"Overspending" the Clayton County Sheriff's Office is expected to make up more than one-quarter of the county's anticipated $8.4 million budget deficit at the end of fiscal year 2011, county officials have said.
Clayton County Finance Director Angela Jackson informed the Board of Commissioners of the projected deficit, during a commission retreat on Friday. She said lower-than-expected revenues created most of the anticipated deficit. But, she added that the Sheriff's Office is expected to make up a significant chunk of that shortfall –– about $2.4 million.
She said that office is expected to exceed its $32 million budget this year, partly because of overspending on overtime. She said the overspending is also the result of Clayton County Sheriff Kem Kimbrough agreeing to provide 15 school resource officers (SROs) to Clayton County Public Schools, after his department budget was set, without consulting the county's finance department.

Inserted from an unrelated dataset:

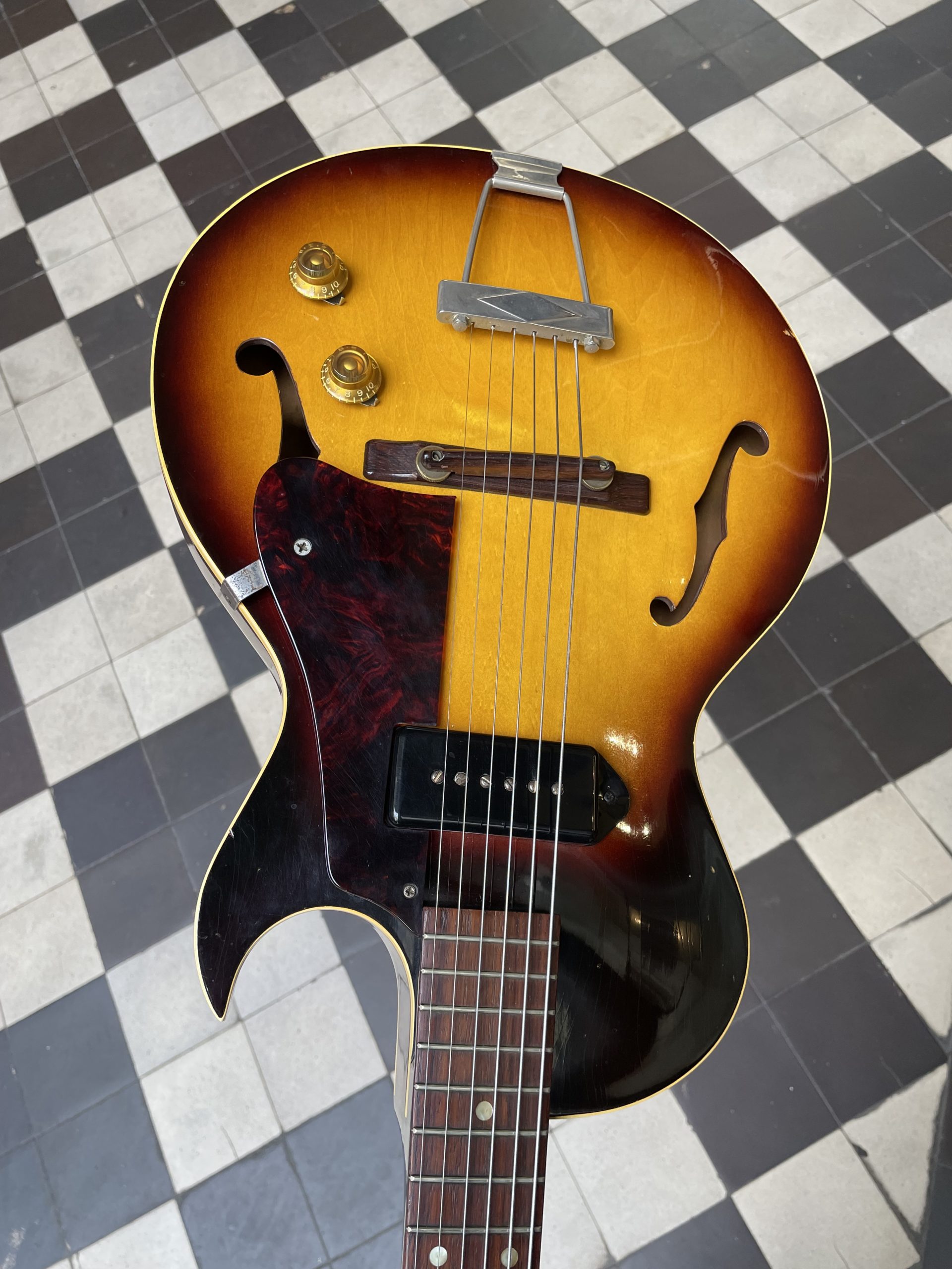 After a first appearance in a non-thinline form in 1950, the ES-140 3/4 T is introduced to the catalog in 1957, the year of manufacture of the present guitar. Gibson boasted an instrument designed for children or adults with small hands (sic.) with all of the qualities of a professional instrument, and a format allowing for great playing comfort in particular thanks to the short scale neck – in short, we are not to trust appearances!

"The sheriff is, at this time, exceeding his overtime," Jackson said. "He was given a budget of $2 million [for overtime]. At this point, he is at $2.3 [million]. In 2010, the sheriff was given new positions. That year, he also met his highest point for overtime, at $3.4 million.
"We reduced the budget," she said, "assuming that because of the new positions, he would spend less on overtime, but this just did not quite work out to be that way.

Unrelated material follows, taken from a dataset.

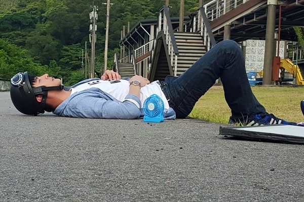 可以就這樣躺著演嗎? 哥已經熱到溶化,曬到無力啦! 但,幸好有把大傘跟小風扇給我那一點點的幸福。 拍完相信大家都變黑人了,辛苦了。。。(by 謝佳見FB)

Right now, the sheriff's budget is expected, the end of the year, at the current rate of spending, to be over budget about $2.3-$2.4 million."
Sheriff's Office officials argued that the reason why they are going over their budget, is because the county is not adequately allocating enough money for the office to operate.
Chief Deputy Garland Watkins said commissioners need to be "realistic" about how much money they allow the office to have for overtime. He said the Sheriff's Office has not received a significant increase in staff size since 2000, while deputies have had to deal with a heavier workload. He said the office has exceeded its overtime budget every year since 2002.
"I just ask that you give us a budget that is something that we can really work with, a realistic budget," Watkins told commissioners. "Realistically, you know that we're going to go over budget ... just the nature of what we do, and the services that we have for the citizens."
Watkins said 300 inmates at the Clayton County Jail have to sleep on cell floors, because one housing unit in the jail has been closed due to safety concerns because of understaffing at the facility. He said there are currently 1,900 inmates in the jail, compared to 1,100 inmates in 2002.
Watkins also said deputies have to provide security at the Harold R. Banke Justice Center, and in the county's drug, driving under the influence (DUI), probate, magistrate, juvenile, state and superior courts. On top of that, Kimbrough said his office is getting approximately 1,400 to 1,500 new warrants to serve, per month, from the county's courts.
Jackson said her office has tried to be fair when budgeting money for the Sheriff's Office, but she said the office has made changes to its operations, such as entering an SRO agreement with the school system without her knowledge.
"We don't know if you're going to take on additional duties that require additional staff," she told Watkins.
Kimbrough admitted his budget and staff are "out of whack," because of the SRO issue, but he said he entered into the agreement with Clayton County Schools last summer, because School System Superintendent Edmond Heatley asked him to do so. The SROs are assigned to the county's 15 middle schools, which previously had to share security officers when they were provided the Clayton County Police Department.
"Are they drawing from our available personnel? Sure they are," Kimbrough said. "But, at the same time, I had to make a decision between honoring the commitment that was asked of me, requested of me, our school district, and telling them, no, because the paperwork isn't moving –– and I chose, frankly, to protect our children."
Commission Vice Chairman Wole Ralph said the county previously only provided eight police officers to serve as middle school SROs, because officials knew it would be too costly to put an officer in every school. While the school system pays 80 percent of an SRO's salary, Ralph said the county is responsible for paying the remaining 20 percent.
He accused the Sheriff's Office of creating a funding hole agreeing to provide SROs to the middle schools. "The reason why you had officers covering multiple middle schools is because we knew we couldn't afford it in the budget," Ralph said. "Well, then the Sheriff's Office goes out there, does it, and then doubles the number of officers [deputies]."
Ralph suggested that the school system should establish its own police department. "It's not as if the sheriff has to run, and step in there, because, otherwise, the children would be left unsafe," he said.
The school system is not likely in a position to create a law enforcement force, however, when it has already reached the maximum amount it can charge county residents in property taxes, and state funding has been cut each year, in recent years.
Heatley has already told members of the Clayton County Board of Education that additional cuts may be needed in fiscal year 2012.